» Task description
Only the lines from the beginning of the entries through the one that holds "We then headed" may appear in the answer, written out exactly and free of pictures.

******

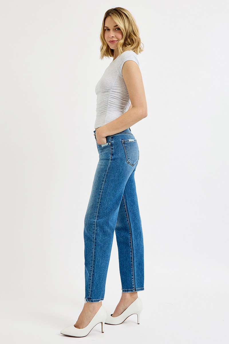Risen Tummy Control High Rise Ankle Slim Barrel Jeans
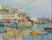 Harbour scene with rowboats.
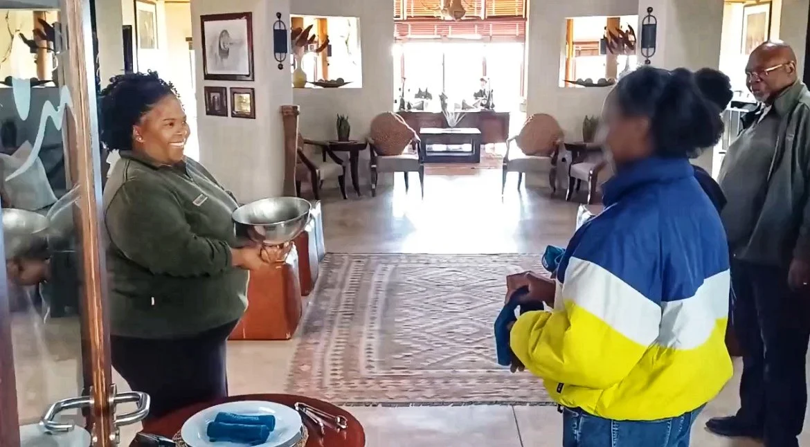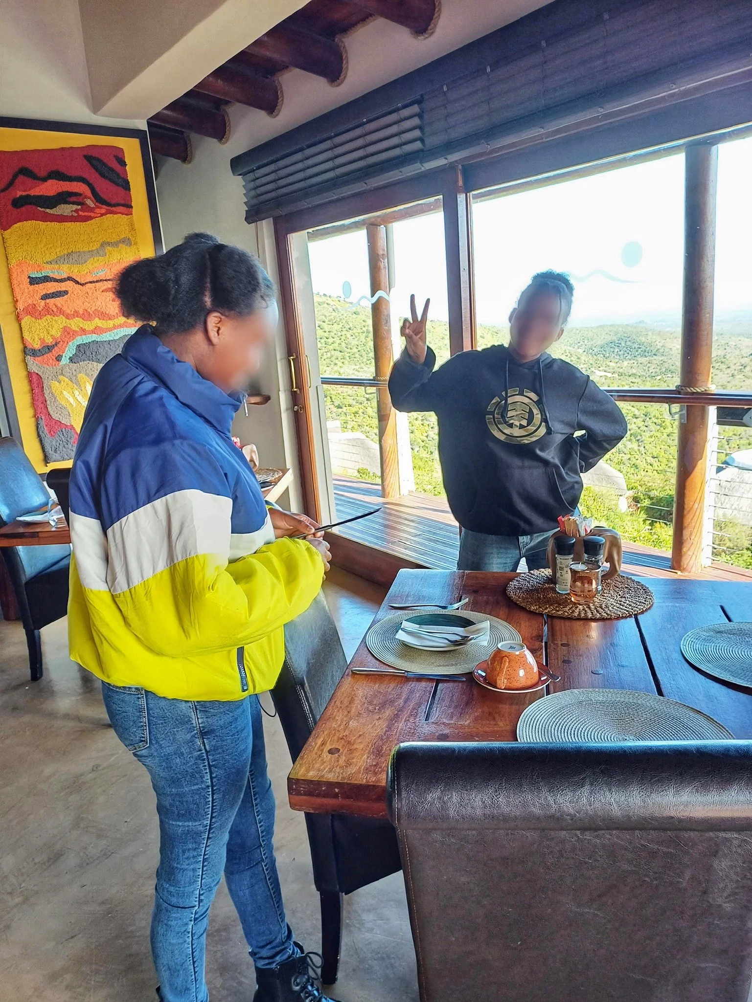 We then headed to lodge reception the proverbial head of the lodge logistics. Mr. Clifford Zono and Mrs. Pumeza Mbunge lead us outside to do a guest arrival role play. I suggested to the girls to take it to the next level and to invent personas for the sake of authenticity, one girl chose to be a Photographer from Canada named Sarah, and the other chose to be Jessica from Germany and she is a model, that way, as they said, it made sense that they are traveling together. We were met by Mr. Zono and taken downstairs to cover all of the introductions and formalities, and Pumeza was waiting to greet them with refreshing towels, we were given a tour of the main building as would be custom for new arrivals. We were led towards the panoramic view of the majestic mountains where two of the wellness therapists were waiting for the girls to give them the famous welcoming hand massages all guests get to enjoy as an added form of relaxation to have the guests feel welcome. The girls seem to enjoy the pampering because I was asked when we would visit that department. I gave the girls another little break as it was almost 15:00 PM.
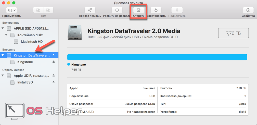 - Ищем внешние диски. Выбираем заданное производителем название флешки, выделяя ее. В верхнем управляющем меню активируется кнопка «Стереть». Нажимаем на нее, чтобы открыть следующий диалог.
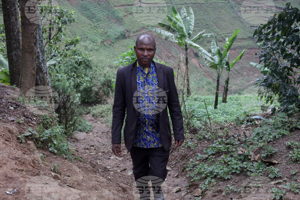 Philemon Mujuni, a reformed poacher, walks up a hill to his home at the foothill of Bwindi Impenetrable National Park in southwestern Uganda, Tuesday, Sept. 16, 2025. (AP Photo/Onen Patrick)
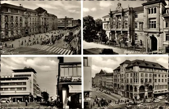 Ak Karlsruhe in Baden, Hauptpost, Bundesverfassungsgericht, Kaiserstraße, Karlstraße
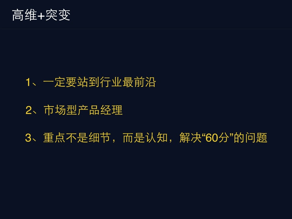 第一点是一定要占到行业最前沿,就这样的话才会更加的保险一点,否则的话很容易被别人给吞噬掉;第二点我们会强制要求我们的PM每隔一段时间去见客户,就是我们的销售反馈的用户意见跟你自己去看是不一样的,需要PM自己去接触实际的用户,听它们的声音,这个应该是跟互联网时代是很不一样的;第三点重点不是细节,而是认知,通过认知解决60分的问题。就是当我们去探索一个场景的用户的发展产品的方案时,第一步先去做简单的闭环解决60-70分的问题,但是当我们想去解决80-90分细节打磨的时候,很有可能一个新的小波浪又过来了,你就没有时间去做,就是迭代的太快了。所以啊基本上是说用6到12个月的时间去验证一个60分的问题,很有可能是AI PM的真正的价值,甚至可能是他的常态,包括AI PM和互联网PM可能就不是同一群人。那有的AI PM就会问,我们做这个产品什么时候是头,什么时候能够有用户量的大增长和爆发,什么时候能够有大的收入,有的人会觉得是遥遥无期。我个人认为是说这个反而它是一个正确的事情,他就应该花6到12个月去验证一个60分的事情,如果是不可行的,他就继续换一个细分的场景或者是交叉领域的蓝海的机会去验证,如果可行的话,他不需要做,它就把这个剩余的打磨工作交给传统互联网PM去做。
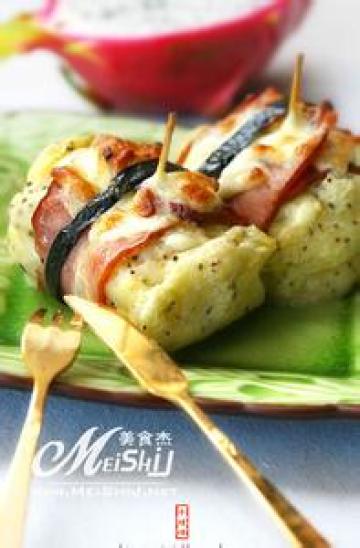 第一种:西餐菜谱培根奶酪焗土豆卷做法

******

» Output of the exercise
Risen Tummy Control High Rise Ankle Slim Barrel Jeans
 Harbour scene with rowboats.
 We then headed to lodge reception the proverbial head of the lodge logistics. Mr. Clifford Zono and Mrs. Pumeza Mbunge lead us outside to do a guest arrival role play. I suggested to the girls to take it to the next level and to invent personas for the sake of authenticity, one girl chose to be a Photographer from Canada named Sarah, and the other chose to be Jessica from Germany and she is a model, that way, as they said, it made sense that they are traveling together. We were met by Mr. Zono and taken downstairs to cover all of the introductions and formalities, and Pumeza was waiting to greet them with refreshing towels, we were given a tour of the main building as would be custom for new arrivals. We were led towards the panoramic view of the majestic mountains where two of the wellness therapists were waiting for the girls to give them the famous welcoming hand massages all guests get to enjoy as an added form of relaxation to have the guests feel welcome. The girls seem to enjoy the pampering because I was asked when we would visit that department. I gave the girls another little break as it was almost 15:00 PM.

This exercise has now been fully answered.